▶ [Supplied records]:
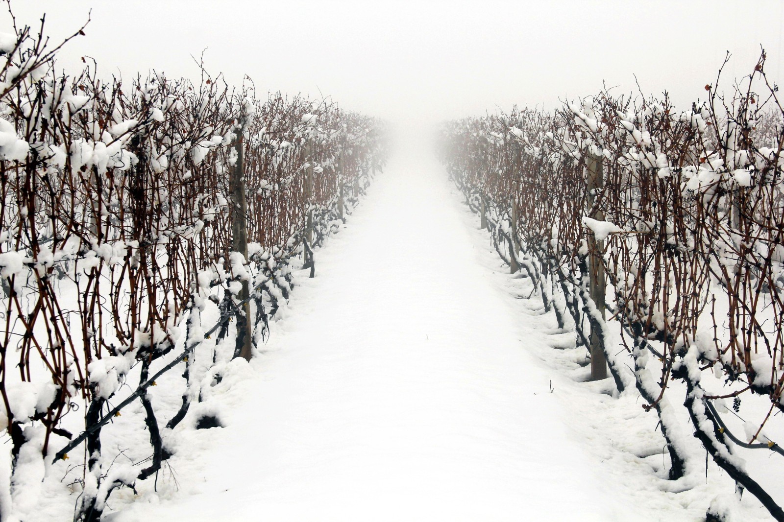 一場大雪給了格瑞特葡萄樹滋養(yǎng),但說到冬雪和葡萄酒的關(guān)系,很多人都不知道,其實冬雪能讓葡萄釀出更美味的酒,對葡萄藤的生長也大有裨益。其一,殺菌除蟲,大雪可以除去一些冬眠的害蟲和有害微生物,這樣葡萄藤就會生長得更為健康;其二,充分補水,下雪和融雪是一個非常緩慢的過程,這有利于土壤緩慢而充分地吸收水分,并且更好地保持土壤的濕潤度;其三,保護葡萄藤,剪枝操作會不可避免地在葡萄藤上留下一些傷口,而這些傷口很有可能被細菌和真菌利用趁虛而入,冬雪的低溫能抑制病害的發(fā)生,而且雪水不僅能沖洗葡萄藤表面,除去微生物,為葡萄藤清洗傷口,還能在傷口表面形成一層保護罩,讓它們免受真菌和細菌的侵?jǐn)_。
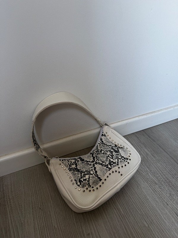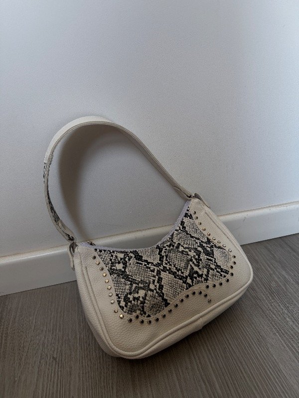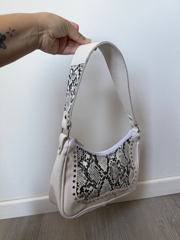 Baguette bag de eco cuero blancoy con reptil/ tachas en el frente
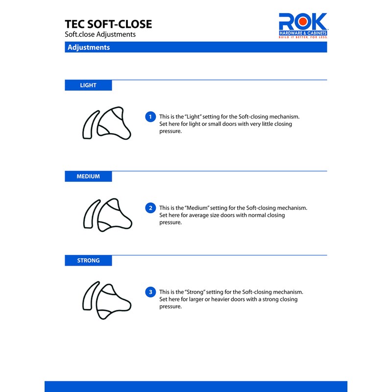 • 1-1/2 in overlay soft closing hinge with custom 3 level soft close strength switch
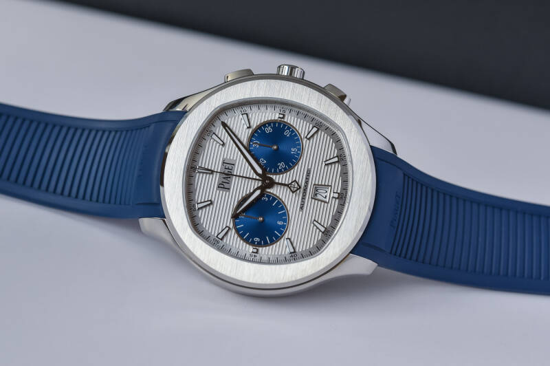 虽然跟国宝大熊猫的颜色有些不太一样,但它也可算入熊猫盘的类别。这款采用了银蓝配色的伯爵Polo计时码表仅限量发行888枚,它那外观独特的表壳、对比鲜明的元素,以及带有纹理的橡胶表带让它在众多计时码表作品当中也是极为的引人注目。将表翻转过来,便可通过蓝宝石透底表背观察其内所搭载的Cal.1160P型自动机芯。该机芯的厚度仅为5.72mm,可提供50小时的动力储备,除了带有华丽logo的蓝色摆陀之外,它还配备了导柱轮及垂直离合机制这对儿最佳组合。价格:123000人民币
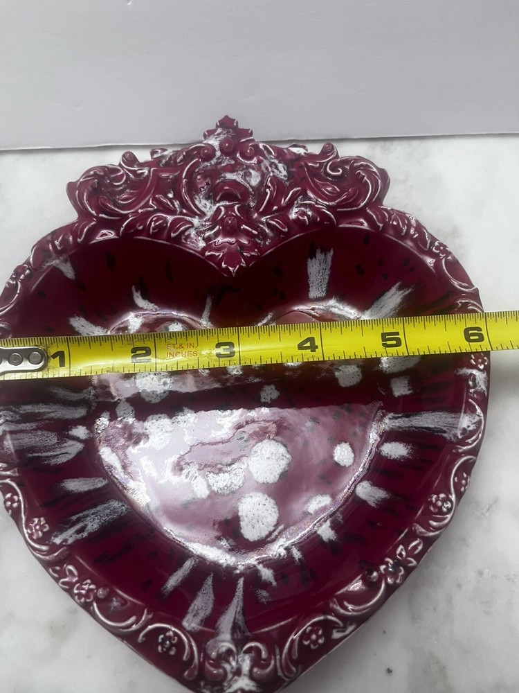VINTAGE GLAZE Trinket Dish Bowl POTTERY STUDIO ART Signed Heart Shaped Unique. Condition is Used. Shipped with USPS Ground Advantage....
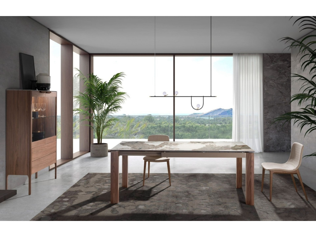 Elegantní vysoká vitrína z ořechové dýhy bude dominantou vašeho obývacího prostoru. Její vnitřní LED osvětlení vytvoří hřejivou atmosféru a dokonale zvýrazní obsah vitríny. Bílá porcelánová deska imitující mramor s jemnými šedými žilkami dodá interiéru luxusní nádech. Praktické úložné prostory v podobě dvou zásuvek s push-to-open mechanismem a polic z tvrzeného skla zajistí nejen estetiku, ale i funkčnost. Nadčasový design vitríny podtrhuje originální podnož z masivního ořechového dřeva.
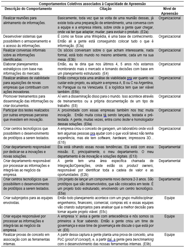De maneira complementar, os comportamentos coletivos associados à capacidade organizacional de apreensão (Figura 5) se vincularam ao planejamento estratégico da empresa (evidenciado por E4), à criação de departamentos (evidenciado por E2b e E13) e de centros tecnológicos (entrevistados E5a e E15), ao estabelecimento de parcerias com empresas que investem em inovação (entrevistado E9a) e à aquisição de novas empresas (E5b).
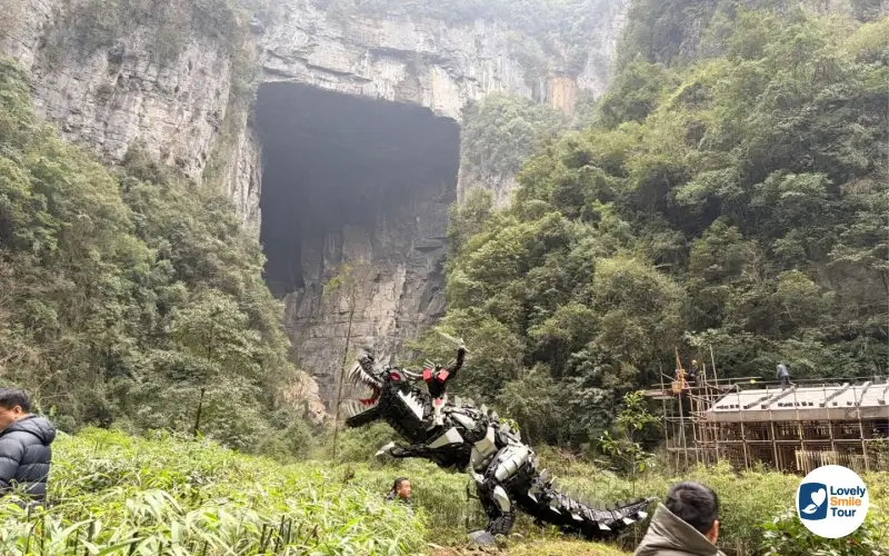 นอกจากจะเป็นสถานที่ถ่ายทำภาพยนตร์จีนเรื่อง Curse of the Golden Flower แล้ว ที่นี่ยังเป็นสถานที่ถ่ายทำหนังฮอลลีวูดชื่อดังอย่าง Transformers: Age of Extinction อีกด้วย ซึ่งบริเวณหน้าอุทยานจะมีรูปปั้นหุ่นยนต์ Bumblebee ตั้งอยู่ เพื่อให้นักท่องเที่ยวได้ไปถ่ายรูปเป็นที่ระลึกกันด้วย และนอกจากนี้ยังมีรูปปั้นหุ่นยนต์ตั้งอยู่ภายในอุทยานอีกด้วย
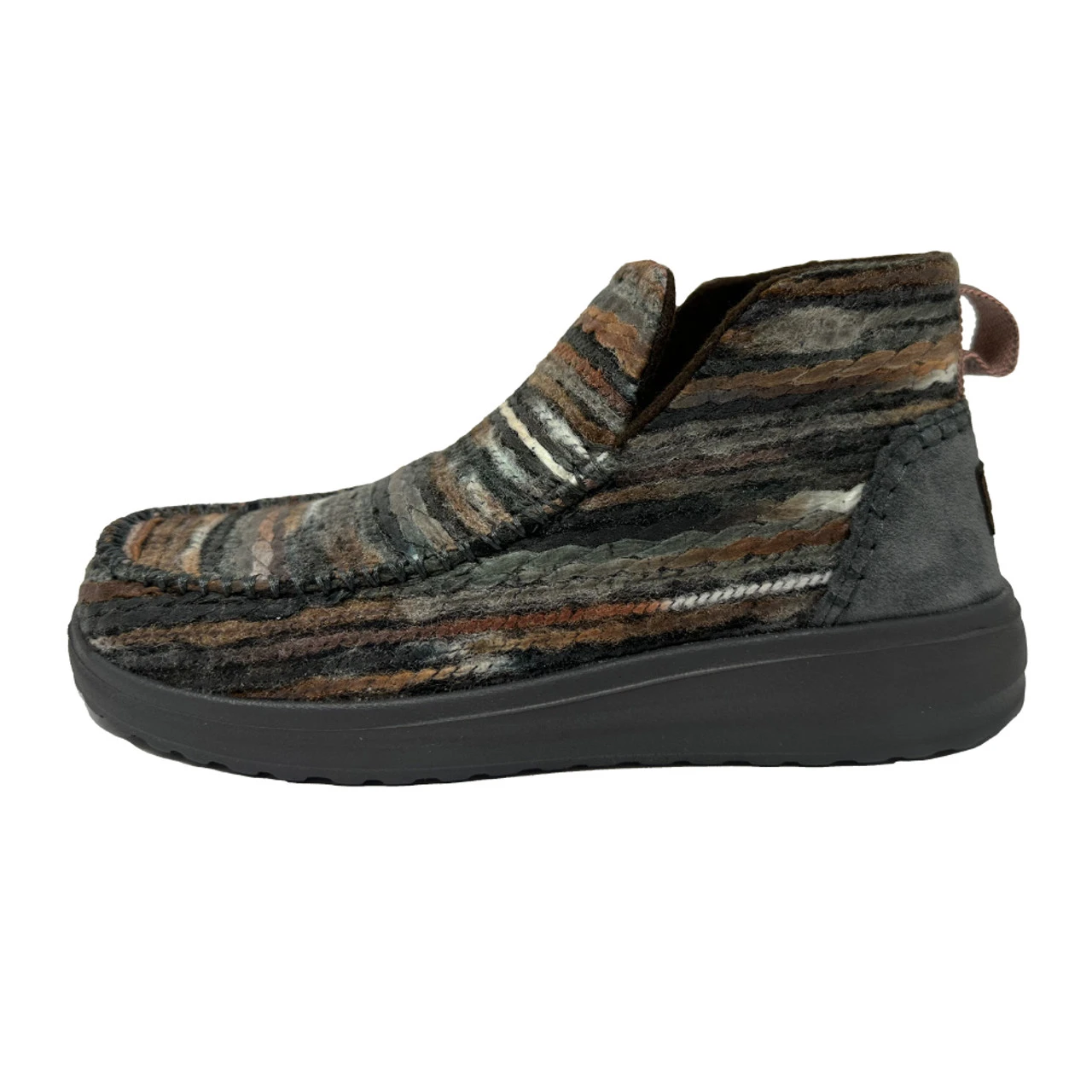 A soft, subtle bootie constructed in a soft wool blend with plush faux fur lining to keep your feet warm and dry all winter long. Finished off with contrasting, hand-stitched details and glitter-woven finishes throughout. Super cozy and lightweight.
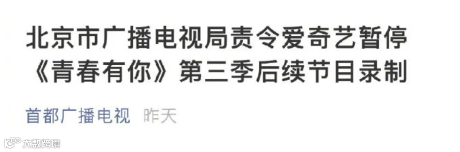 根据网络视听节目相关管理规定,北京市广播电视局现责令爱奇艺暂停《青春有你》第三季节目录制。
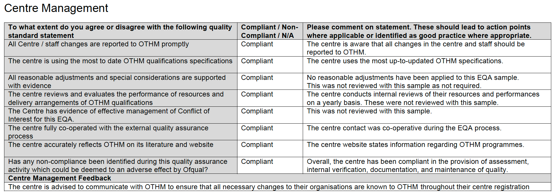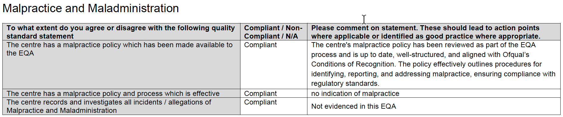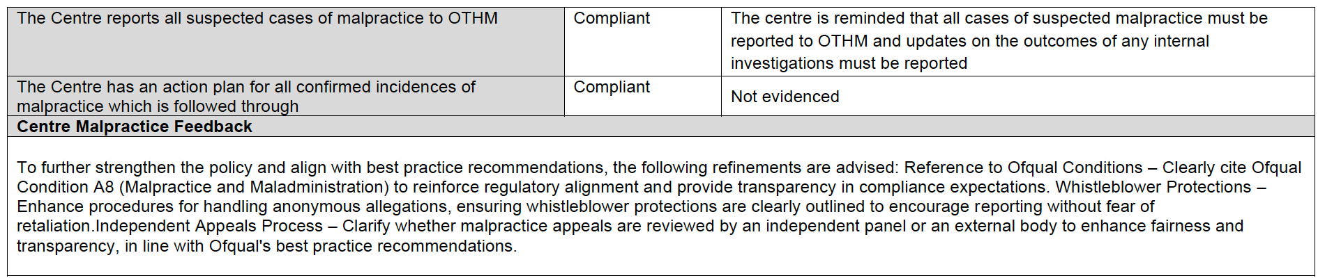 - Không để xảy ra sai phạm nghiêm trọng (non-compliance) có thể gây ảnh hưởng bất lợi theo quy định của Ofqual (chính phủ), và điều này phải bảo đảm đạt.
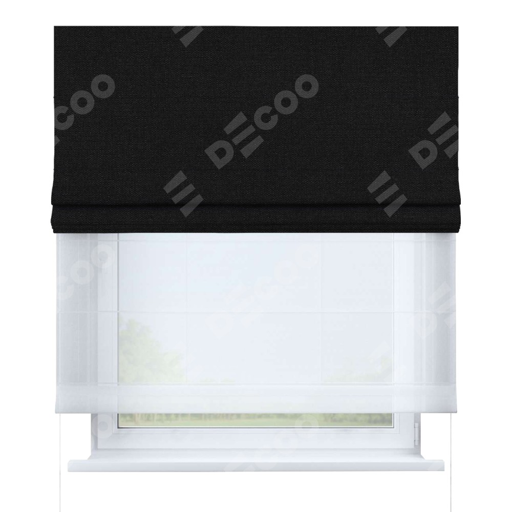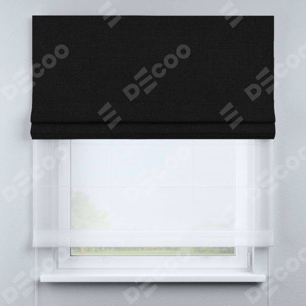 Двойная римская штора «День-ночь» от производителя Cortin предназначена для использования в проёмах. Эта штора уникальна тем, что состоит из двух полотен. На лицевой стороне находится лён черный (артикул: 140815), обеспечивающий эффективное затемнение. В комплект также входит вторая ткань — легкий белый тюль (артикул: V-01), который добавляет изящества и легкости оформлению окна. Кроме того, доступны и другие разновидности ткани тюль, выбор которых доступен по  ссылке .
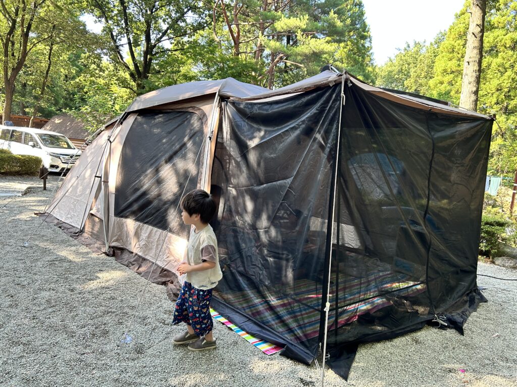 虫が思ったほどにいません。(夏キャンプは経験少ないのですが、8月のキャンプではカメムシもクモも見ていません。蚊や蝿はいるものの、テントに飛んできたのはセミとトンボと蝶くらいでした。)
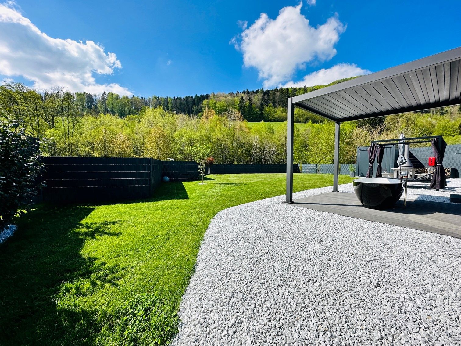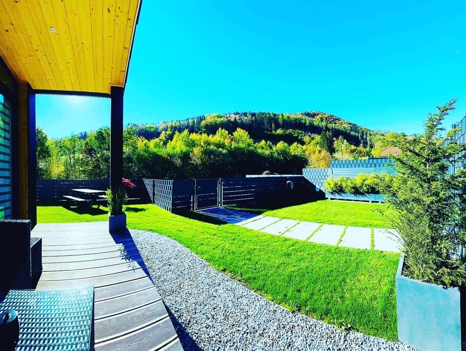 Von der Terrasse aus haben Sie einen freien Blick in die wundervolle Natur im waldreichsten Bezirk des Landes.

▶ [What is required]: Line by line, give the material above again exactly, but without any pictures.

▶ [Task answer]:
 一場大雪給了格瑞特葡萄樹滋養(yǎng),但說到冬雪和葡萄酒的關(guān)系,很多人都不知道,其實冬雪能讓葡萄釀出更美味的酒,對葡萄藤的生長也大有裨益。其一,殺菌除蟲,大雪可以除去一些冬眠的害蟲和有害微生物,這樣葡萄藤就會生長得更為健康;其二,充分補水,下雪和融雪是一個非常緩慢的過程,這有利于土壤緩慢而充分地吸收水分,并且更好地保持土壤的濕潤度;其三,保護葡萄藤,剪枝操作會不可避免地在葡萄藤上留下一些傷口,而這些傷口很有可能被細菌和真菌利用趁虛而入,冬雪的低溫能抑制病害的發(fā)生,而且雪水不僅能沖洗葡萄藤表面,除去微生物,為葡萄藤清洗傷口,還能在傷口表面形成一層保護罩,讓它們免受真菌和細菌的侵?jǐn)_。
 Baguette bag de eco cuero blancoy con reptil/ tachas en el frente
 • 1-1/2 in overlay soft closing hinge with custom 3 level soft close strength switch
 虽然跟国宝大熊猫的颜色有些不太一样,但它也可算入熊猫盘的类别。这款采用了银蓝配色的伯爵Polo计时码表仅限量发行888枚,它那外观独特的表壳、对比鲜明的元素,以及带有纹理的橡胶表带让它在众多计时码表作品当中也是极为的引人注目。将表翻转过来,便可通过蓝宝石透底表背观察其内所搭载的Cal.1160P型自动机芯。该机芯的厚度仅为5.72mm,可提供50小时的动力储备,除了带有华丽logo的蓝色摆陀之外,它还配备了导柱轮及垂直离合机制这对儿最佳组合。价格:123000人民币
VINTAGE GLAZE Trinket Dish Bowl POTTERY STUDIO ART Signed Heart Shaped Unique. Condition is Used. Shipped with USPS Ground Advantage....
 Elegantní vysoká vitrína z ořechové dýhy bude dominantou vašeho obývacího prostoru. Její vnitřní LED osvětlení vytvoří hřejivou atmosféru a dokonale zvýrazní obsah vitríny. Bílá porcelánová deska imitující mramor s jemnými šedými žilkami dodá interiéru luxusní nádech. Praktické úložné prostory v podobě dvou zásuvek s push-to-open mechanismem a polic z tvrzeného skla zajistí nejen estetiku, ale i funkčnost. Nadčasový design vitríny podtrhuje originální podnož z masivního ořechového dřeva.
De maneira complementar, os comportamentos coletivos associados à capacidade organizacional de apreensão (Figura 5) se vincularam ao planejamento estratégico da empresa (evidenciado por E4), à criação de departamentos (evidenciado por E2b e E13) e de centros tecnológicos (entrevistados E5a e E15), ao estabelecimento de parcerias com empresas que investem em inovação (entrevistado E9a) e à aquisição de novas empresas (E5b).
 นอกจากจะเป็นสถานที่ถ่ายทำภาพยนตร์จีนเรื่อง Curse of the Golden Flower แล้ว ที่นี่ยังเป็นสถานที่ถ่ายทำหนังฮอลลีวูดชื่อดังอย่าง Transformers: Age of Extinction อีกด้วย ซึ่งบริเวณหน้าอุทยานจะมีรูปปั้นหุ่นยนต์ Bumblebee ตั้งอยู่ เพื่อให้นักท่องเที่ยวได้ไปถ่ายรูปเป็นที่ระลึกกันด้วย และนอกจากนี้ยังมีรูปปั้นหุ่นยนต์ตั้งอยู่ภายในอุทยานอีกด้วย
 A soft, subtle bootie constructed in a soft wool blend with plush faux fur lining to keep your feet warm and dry all winter long. Finished off with contrasting, hand-stitched details and glitter-woven finishes throughout. Super cozy and lightweight.
 根据网络视听节目相关管理规定,北京市广播电视局现责令爱奇艺暂停《青春有你》第三季节目录制。
 - Không để xảy ra sai phạm nghiêm trọng (non-compliance) có thể gây ảnh hưởng bất lợi theo quy định của Ofqual (chính phủ), và điều này phải bảo đảm đạt.
 Двойная римская штора «День-ночь» от производителя Cortin предназначена для использования в проёмах. Эта штора уникальна тем, что состоит из двух полотен. На лицевой стороне находится лён черный (артикул: 140815), обеспечивающий эффективное затемнение. В комплект также входит вторая ткань — легкий белый тюль (артикул: V-01), который добавляет изящества и легкости оформлению окна. Кроме того, доступны и другие разновидности ткани тюль, выбор которых доступен по  ссылке .
 虫が思ったほどにいません。(夏キャンプは経験少ないのですが、8月のキャンプではカメムシもクモも見ていません。蚊や蝿はいるものの、テントに飛んできたのはセミとトンボと蝶くらいでした。)
 Von der Terrasse aus haben Sie einen freien Blick in die wundervolle Natur im waldreichsten Bezirk des Landes.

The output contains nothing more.